→ **WHAT IS NEEDED**:
From the material below, return exactly the lines starting at the one that holds "Which decor items" and ending at the one that holds "アボガドの生ハム巻き(¥480+tax)". Pictures stay out of the answer.

→ **AVAILABLE RECORDS**:
──────────────────────────────

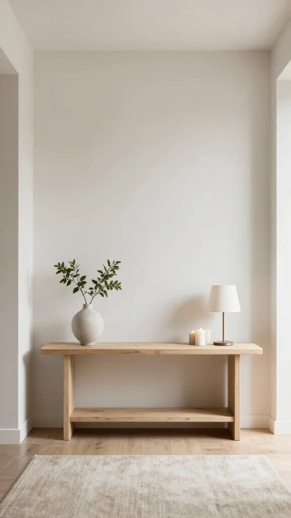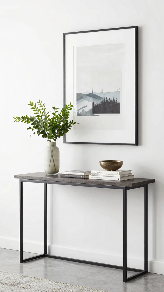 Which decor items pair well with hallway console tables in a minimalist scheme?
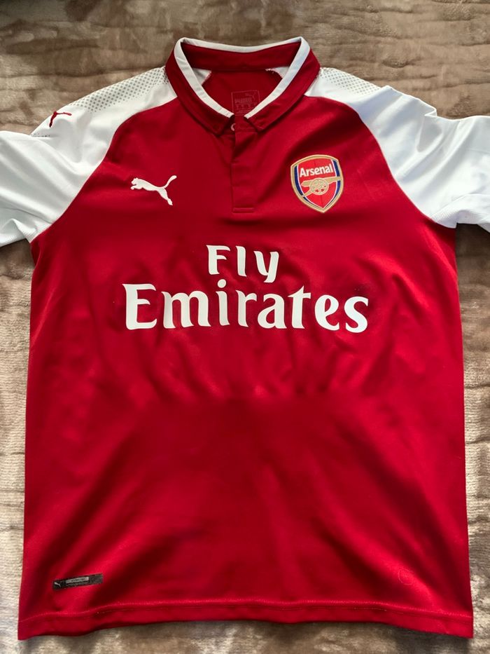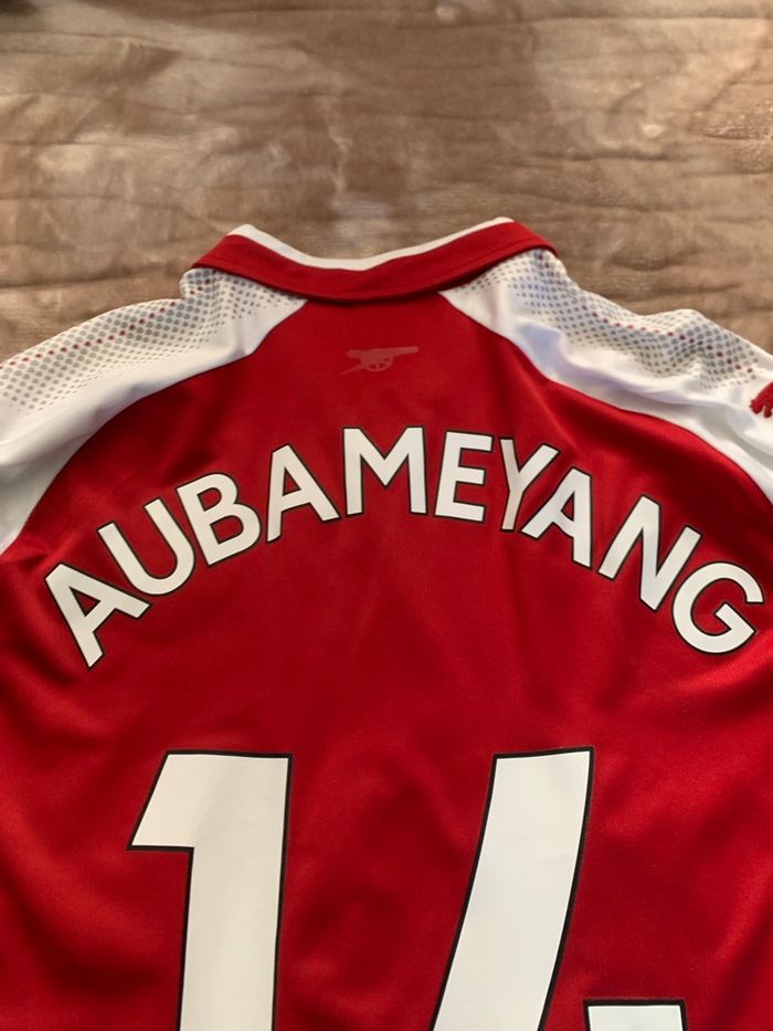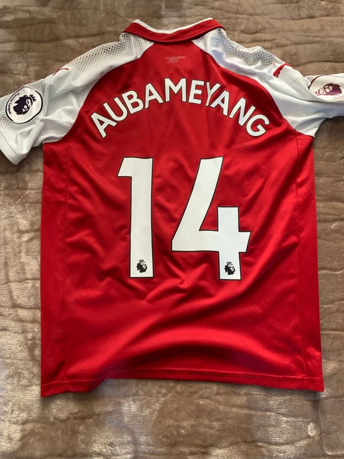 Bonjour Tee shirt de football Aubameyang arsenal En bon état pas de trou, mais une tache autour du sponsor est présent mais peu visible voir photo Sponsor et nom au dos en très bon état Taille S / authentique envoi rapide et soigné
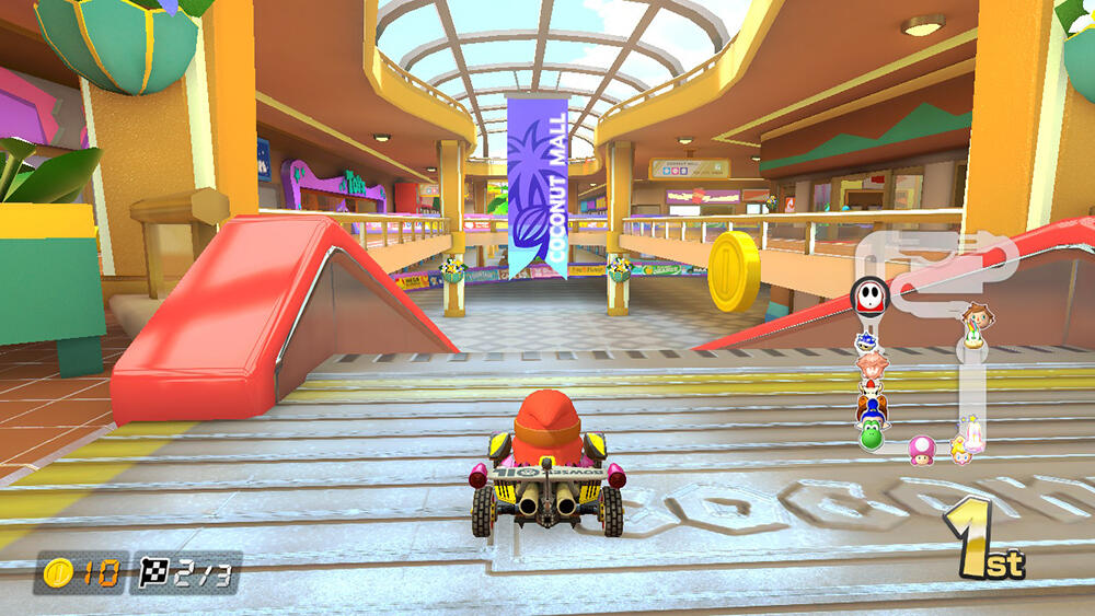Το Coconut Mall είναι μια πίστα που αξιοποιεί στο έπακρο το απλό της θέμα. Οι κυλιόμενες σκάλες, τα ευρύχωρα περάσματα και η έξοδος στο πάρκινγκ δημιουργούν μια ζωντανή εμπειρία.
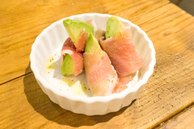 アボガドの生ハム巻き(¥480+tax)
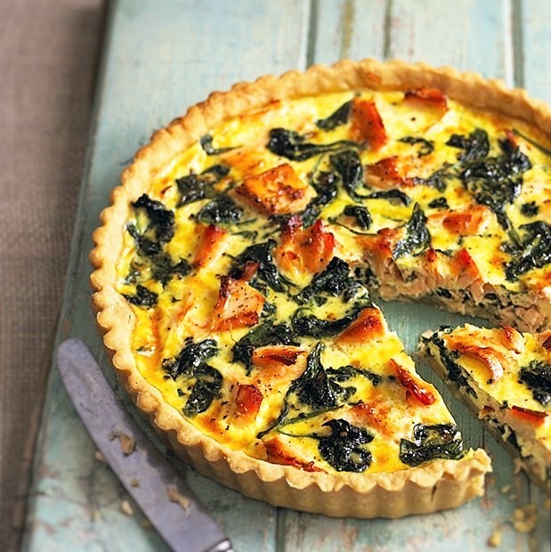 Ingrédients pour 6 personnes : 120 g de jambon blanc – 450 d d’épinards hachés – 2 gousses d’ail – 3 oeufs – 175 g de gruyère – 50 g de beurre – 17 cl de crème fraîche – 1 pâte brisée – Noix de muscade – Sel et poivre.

──────────────────────────────

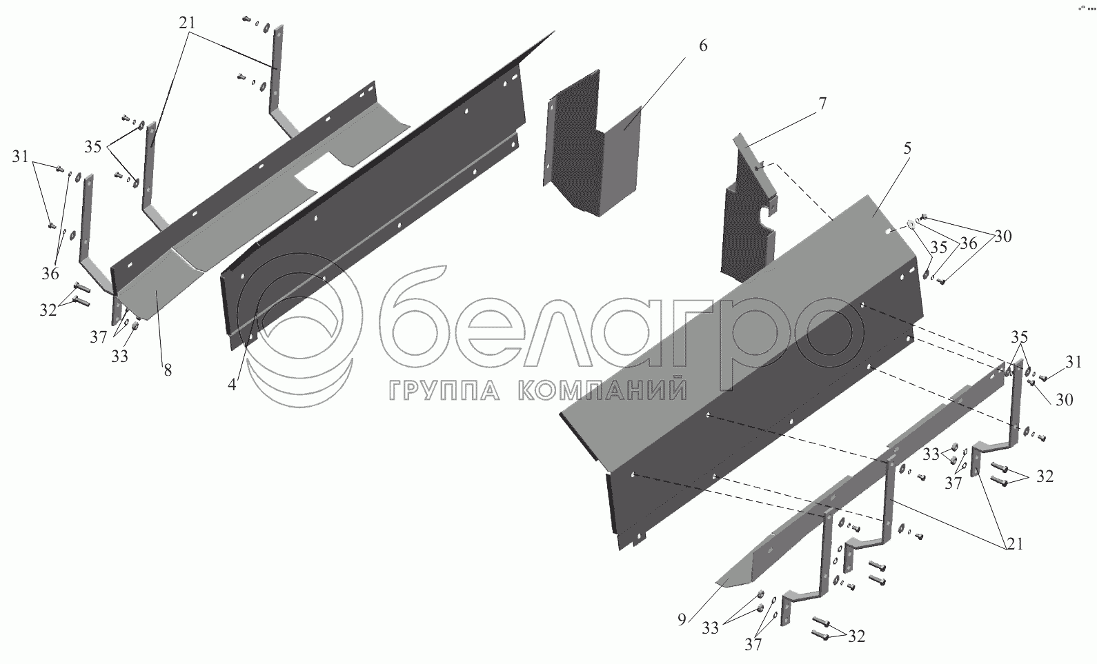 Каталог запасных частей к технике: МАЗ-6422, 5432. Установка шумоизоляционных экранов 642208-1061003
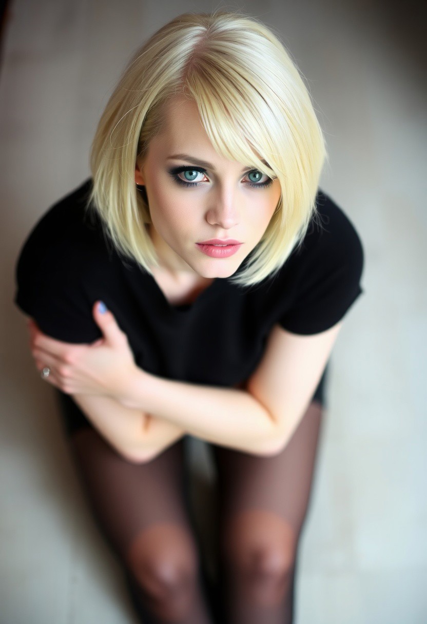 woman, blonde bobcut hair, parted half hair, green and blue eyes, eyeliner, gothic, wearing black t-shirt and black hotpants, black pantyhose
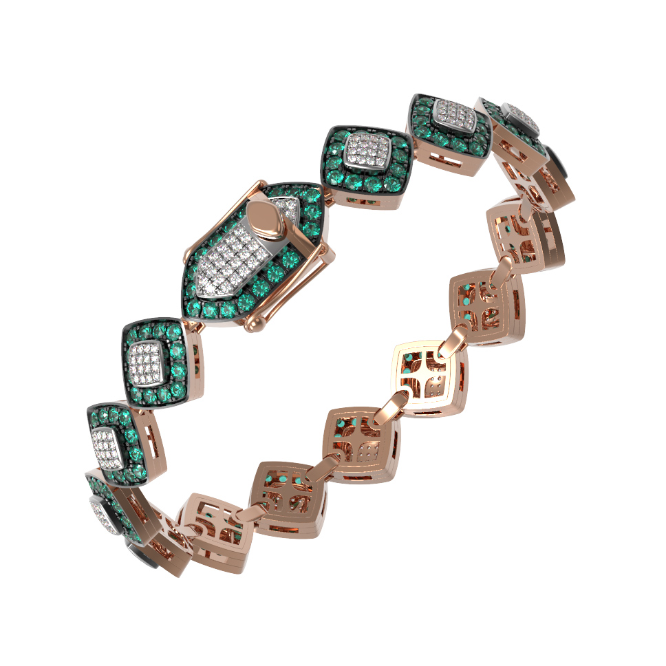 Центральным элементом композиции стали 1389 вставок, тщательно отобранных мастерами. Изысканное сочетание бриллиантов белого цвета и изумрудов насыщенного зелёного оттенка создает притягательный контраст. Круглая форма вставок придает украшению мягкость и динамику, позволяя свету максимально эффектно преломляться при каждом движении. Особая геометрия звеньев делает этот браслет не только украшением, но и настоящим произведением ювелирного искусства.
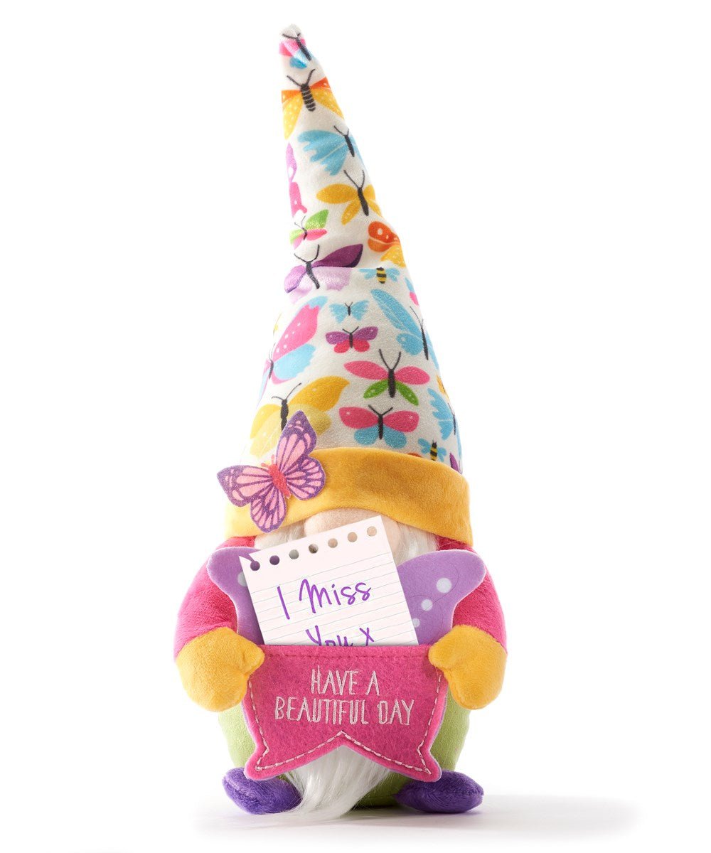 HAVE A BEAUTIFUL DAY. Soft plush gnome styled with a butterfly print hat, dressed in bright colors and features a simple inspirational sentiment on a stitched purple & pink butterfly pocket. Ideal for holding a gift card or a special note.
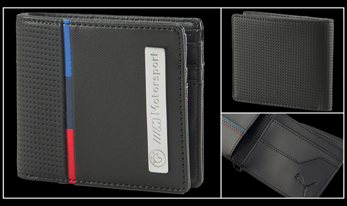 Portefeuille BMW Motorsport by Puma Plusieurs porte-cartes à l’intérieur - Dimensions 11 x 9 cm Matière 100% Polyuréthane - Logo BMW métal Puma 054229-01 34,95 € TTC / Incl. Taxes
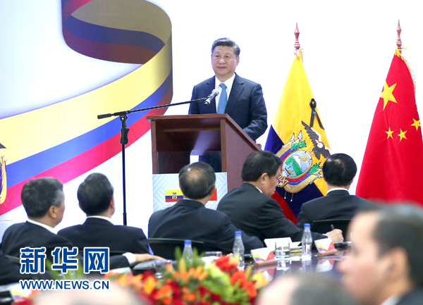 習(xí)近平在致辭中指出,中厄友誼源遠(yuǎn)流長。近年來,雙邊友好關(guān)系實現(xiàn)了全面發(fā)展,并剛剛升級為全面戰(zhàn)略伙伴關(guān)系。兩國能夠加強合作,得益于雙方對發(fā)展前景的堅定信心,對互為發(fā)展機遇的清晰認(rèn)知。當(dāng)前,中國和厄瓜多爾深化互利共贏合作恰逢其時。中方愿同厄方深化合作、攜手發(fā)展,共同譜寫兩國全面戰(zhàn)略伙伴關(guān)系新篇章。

──────────────────────────────

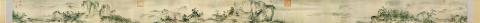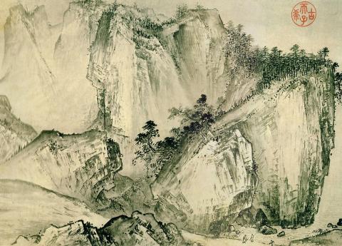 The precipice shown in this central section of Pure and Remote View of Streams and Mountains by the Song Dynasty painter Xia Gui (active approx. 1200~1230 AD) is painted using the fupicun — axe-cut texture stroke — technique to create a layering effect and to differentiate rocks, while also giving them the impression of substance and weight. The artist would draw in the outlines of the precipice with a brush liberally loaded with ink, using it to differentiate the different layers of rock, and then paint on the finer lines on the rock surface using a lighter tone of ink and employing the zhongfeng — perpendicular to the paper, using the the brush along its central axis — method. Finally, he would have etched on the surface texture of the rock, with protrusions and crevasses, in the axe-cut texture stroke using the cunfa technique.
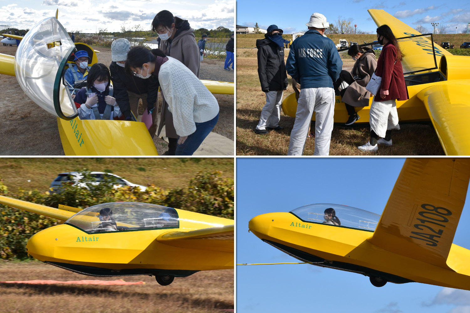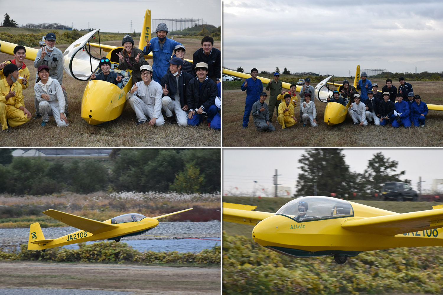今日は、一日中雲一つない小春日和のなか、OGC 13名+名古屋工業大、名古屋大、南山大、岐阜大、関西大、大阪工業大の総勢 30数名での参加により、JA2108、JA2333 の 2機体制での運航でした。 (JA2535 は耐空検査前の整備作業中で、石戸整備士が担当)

──────────────────────────────

→ **COMPLETED TASK**:
 Which decor items pair well with hallway console tables in a minimalist scheme?
 Bonjour Tee shirt de football Aubameyang arsenal En bon état pas de trou, mais une tache autour du sponsor est présent mais peu visible voir photo Sponsor et nom au dos en très bon état Taille S / authentique envoi rapide et soigné
Το Coconut Mall είναι μια πίστα που αξιοποιεί στο έπακρο το απλό της θέμα. Οι κυλιόμενες σκάλες, τα ευρύχωρα περάσματα και η έξοδος στο πάρκινγκ δημιουργούν μια ζωντανή εμπειρία.
 アボガドの生ハム巻き(¥480+tax)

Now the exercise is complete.